I have read this post several times trying to absorb it all but still have some questions: Back to constant voltage/constant current, right now I have set my CC as well as my Cotek battery charger (via AC current) at a bulk and absorption voltage of 14.4. Now, for instance, when I use the supplemental Cotek charger the voltage pops right to 14.4 and the amps are at first 30 or so (35amp charger) and declines as the battery becomes charged. Now is this constant voltage charging or isn't it? Seems to me it is as the voltage remains the same and amps change as the battery accepts a charge. I don't know, somewhere this is not sinking in for me.

Next, from what I can gather, there should be no Float voltage for LifePO4 batteries but most chargers have this feature and one can't disable it. Some chargers let you alter the float voltage, some don't. If left to float couldn't one conceivably overcharge a LifePO4 battery if there is no load placed on the battery soon after charging? One can turn off a charger to eliminate or lessen the float time but CC will just keep throwing the float voltage to the battery primarily because, I suppose, most all chargers on the market were designed for lead acid technology. So then what? Especially, if there will be no load on the battery for perhaps days?

 

[snoobler]

Charge current, wire gauge, length and connection quality also influence voltage. If you have thin, long or loose/poor connections, there will be a voltage drop between the charger and the battery where the charger measures a higher voltage than the battery sees. If the 14.4V is reported by the charger that may be the case. If it's measured at the battery, then that's not the case.

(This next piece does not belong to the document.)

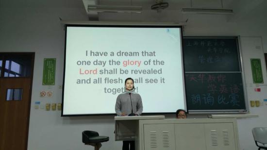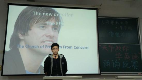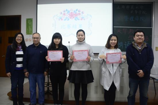 2015年11月17日16点20分,我校管理学院以“天华教你学英语”为母本,以提高学生英语口语水平为目的,为管理学院的同学们准备了一场别开生面的演讲比赛。管理学院院长程葆青、语言文化学院指导教授万正方、管理学院党总支常务副书记王一青以及辅导员老师们参加比赛。

Your stage 1, constant current or bulk is very short. You then describe phase 2, constant voltage or absorption. State of charge also influences voltage. If your battery is already at a high state of charge, 80%+, what you describe is fairly normal for FLA/AGM though bulk should last a little longer than you describe. This leads me to believe that you are experiencing significant voltage drop between the charger and the battery.

LFP will not behave the same timing-wise. They will stay in the constant current phase for much longer. They will stay under 14V for a very long time provided the connection quality is good.

Float is not needed, but it is beneficial in these systems. Float also serves as the floor below which the charge controller will not let the battery go. If you disable float, the battery voltage will drop under load, and the SCC will not provide solar power until the battery drops to the re-bulk voltage potentially discharging your battery when you would prefer the solar to be providing that power and keeping your battery floated. Re-bulk triggers the whole bulk/absorption cycle again.

If you want the system to supply solar power to the loads and keep the batteries at the "full" charge you've chosen, and if you do not want to charge the batteries during float, select 13.2-13.4V for float. If you wish to allow very slow charging that may allow the battery to fill to 95%, select 13.6V.